Horemheb était venu seul, pour une fois. Sa proposition avait été scandaleuse. Le roi avait sollicité – oui, sollicité d’un sujet ! – du temps pour réfléchir, mais en réalité il savait qu’il ne pouvait guère s’interposer. Le général voulait épouser Nézemmout.
Toujours ce mouvement en tenailles ! Cédant à la panique, le roi vit ses manœuvres contrecarrées sur le plateau du senet[4] se vit évincé avant d’avoir commencé à régner. Bien que Nézemmout ne pût se prévaloir de la beauté de sa sœur Néfertiti, à vingt-quatre ans elle avait le caractère bien trempé et, après la chute d’Akhenaton, elle avait chevauché la tempête sans rechercher la protection de son père. Dans le visage bistre aux traits énergiques, les yeux provoquaient, menaçaient. Si Néfertiti rappelait le ciel, Nézemmout évoquait la terre.

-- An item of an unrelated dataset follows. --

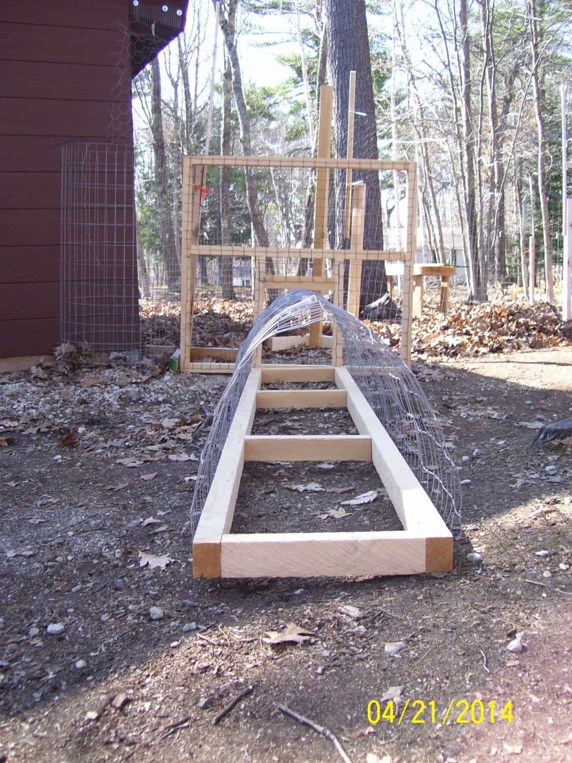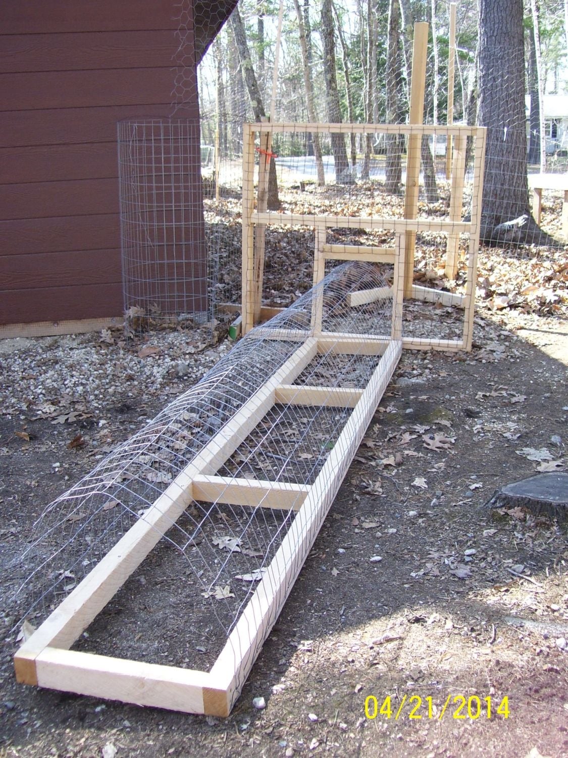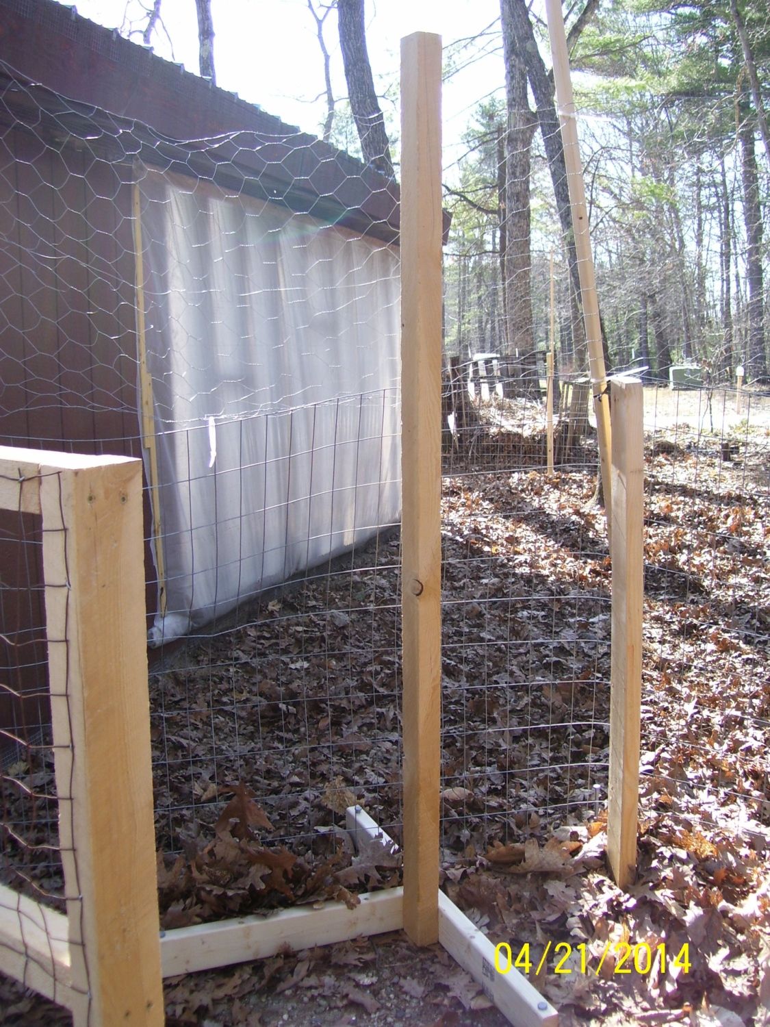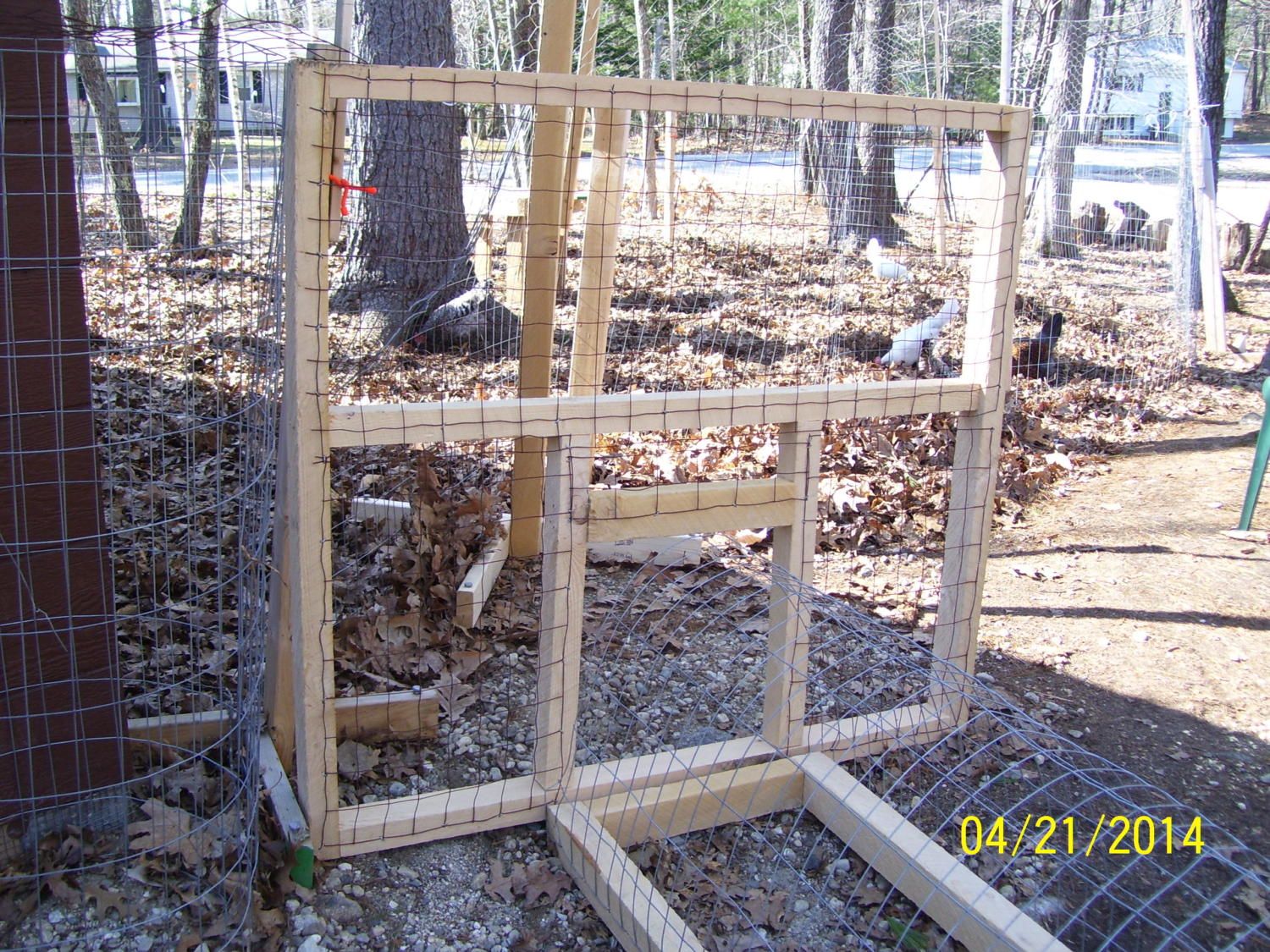 Love hemlock. Smells like butterscotch to me. It can split in my weather though. Your chicken tunnel looks great.I started my chicken tunnel project, today. The gate (from coop/run to tunnel) the tunnel and a 6-ft portable fence post were just ideas in my head until I tried each one, today. They all worked!! I'm using 2"x3" rough cut hemlock for everything. It weathers very well. The new "portable paddock" will be 6 feet high--4 feet of 2"x4" welded wire fencing and another 2 feet of chicken wire--to keep them from flying out. I wasn't sure the 6 foot post would be as stable as the 4-ft ones, but with longer "feet" on them, they stand up really well. The tunnels will be 8 or 10 feet long, with the welded wire fencing arched over the frame and latched together with "locking" hook & eye latches and twist ties. The gates will be hinged to the coop and have a closeable "door" the same size as the tunnel. The tunnels will take them across the driveway to the front yard or back yard (each enclosed in a portable paddock.) Town ordinance requires chickens be behind fencing all the time. I can't afford to fence my whole yard, but this is affordable and allows them access to greens & bugs, safely. (I posted this on the DIY thread, too.![]()

Elle avait été mariée à l’un des fils du roi hittite Selpel, mais l’union avait été dissoute après que les Hittites eurent retiré leur amitié à la Terre Noire. Ensuite, elle avait vécu au palais de la cité de l’Horizon, où sa liaison avec le peintre Aouta, modérément désapprouvée par le roi, n’était un secret pour personne. Après la ruine de la cité, se souvint Toutankhamon avec un pincement de cœur, c’était sur la suggestion de Horemheb qu’il l’avait ramenée dans sa suite.

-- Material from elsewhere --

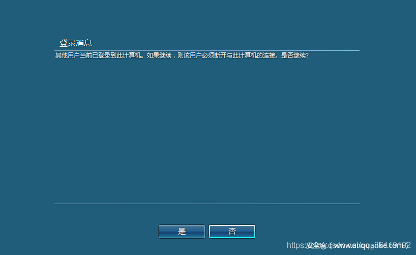 尝试3389远程登录该主机,但是弹出如果我们继续登录,则会断开该主机的当前连接。为了不惊动管理员,这里我们不继续连接了。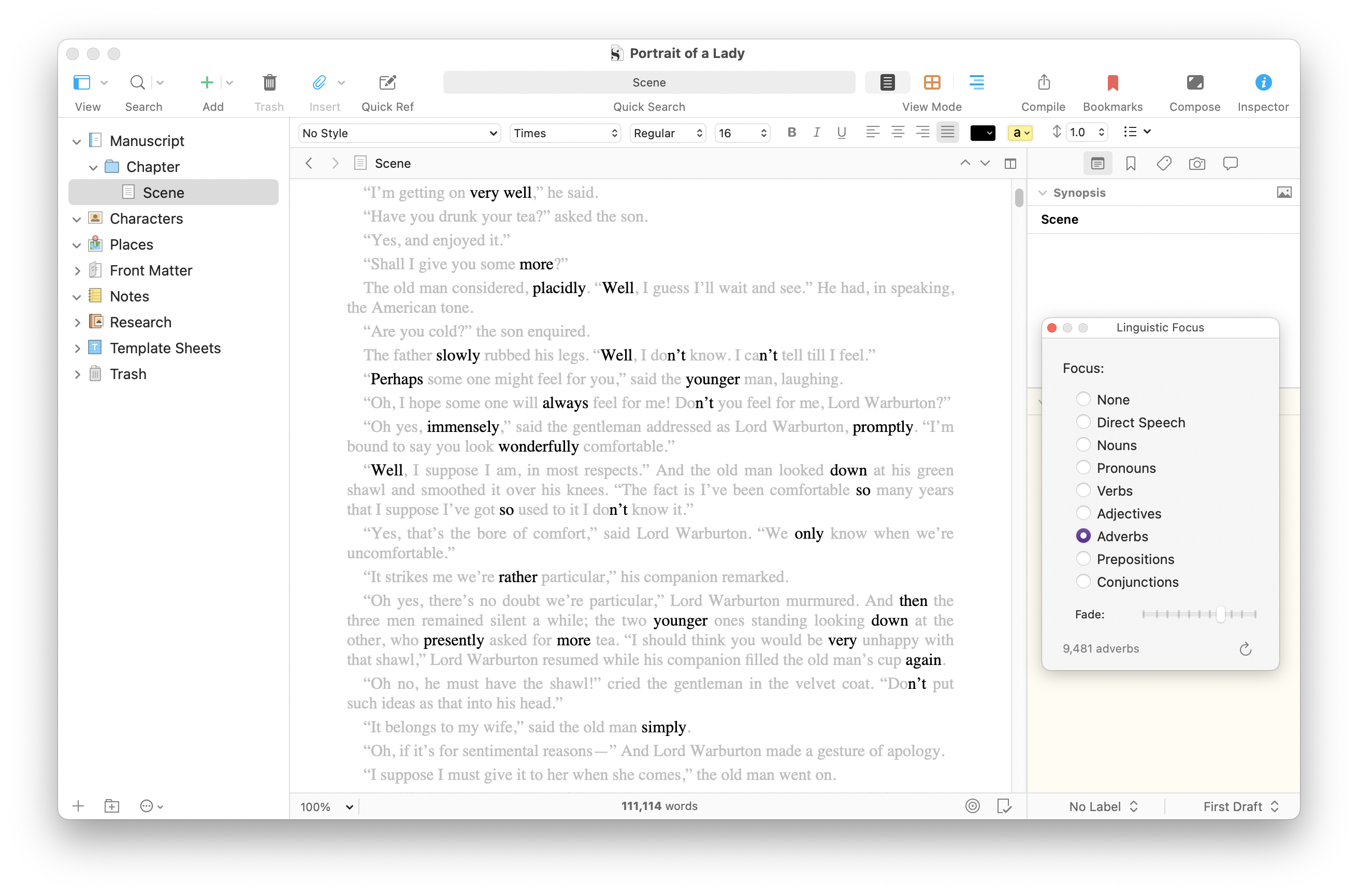 Scrivener’s Dialogue Focus and Linguistic Focus tools let you view your work differently, and aid in revision and editing.

Où le général en était-il de ses machinations ? Jusqu’où pousserait-il la patience ? Le roi avait immédiatement compris qu’un mariage avec Nézemmout renforcerait de futures prétentions au trône. Elle était un parti préférable aux filles d’Akhenaton, dont les plus jeunes étaient désormais en âge d’être mariées, n’étant pas entachée d’un lien de sang avec le Grand Criminel.
Tandis que ses serviteurs apportaient de l’eau dans une bassine dorée et lui baignaient le visage et les bras, les pensées du roi se tournèrent, désagréables, sur sa propre connivence avec ceux qui avaient noirci le nom d’Akhenaton. Cela avait été nécessaire pour affirmer sa propre légitimité en tant que pharaon ; naturellement, la campagne avait été conçue, orchestrée et exécutée par Horemheb, qui avait rejeté sans ménagement les faibles objections de Ay voyant vilipender son ancien gendre. À l’époque, Toutankhamon avait cru qu’il agissait ainsi pour l’aider, pour redonner à la lignée dynastique un élan indispensable après tant de chaos et d’incertitude. Avec le recul, il lui apparaissait que Horemheb n’avait servi que ses propres intérêts, et ne voyait en lui qu’un instrument entre ses mains. Aussi longtemps qu’il accepterait ce rôle, il serait en sécurité, pour autant que le général le jugeât bon ; mais s’il résistait…
Le roi se redressa. S’il résistait, mieux valait être parfaitement sûr du succès.
Il observa la fille occupée à diluer le pain de fard à l’aide d’un tampon de lin. Elle s’approcha en évitant de croiser son regard, chose interdite à tous hormis aux serviteurs de très haut rang. Il lui faudrait mûrir ses plans plus vite que le général, il lui faudrait frapper fort, d’une main sûre, et uniquement lorsqu’il serait absolument certain de porter un coup fatal. D’ici là, il redoublerait d’efforts pour avoir un enfant. Il ferait examiner Ankhsi en secret et ils uniraient leurs prières à Rénoutet et Thouëris, Hathor et Bès. S’il parvenait à avoir un héritier mâle, il le présenterait à l’armée. Puis il prendrait en charge le commandement, usant ainsi de sa prérogative royale, sans que Horemheb pût émettre une objection.
Il sentit sur sa joue le souffle de la servante qui appliquait le maquillage. Il reprenait le dessus. Une douce chaleur monta en lui, et il redressa la tête. Il consentirait à ce mariage avec Nézemmout. Ces nœuds pourraient toujours être rompus plus tard, et si Horemheb avait des enfants, ils mourraient avec leur père sitôt que le roi serait assez puissant. Son cœur se fixa sur ce jour et ses pensées furent heureuses.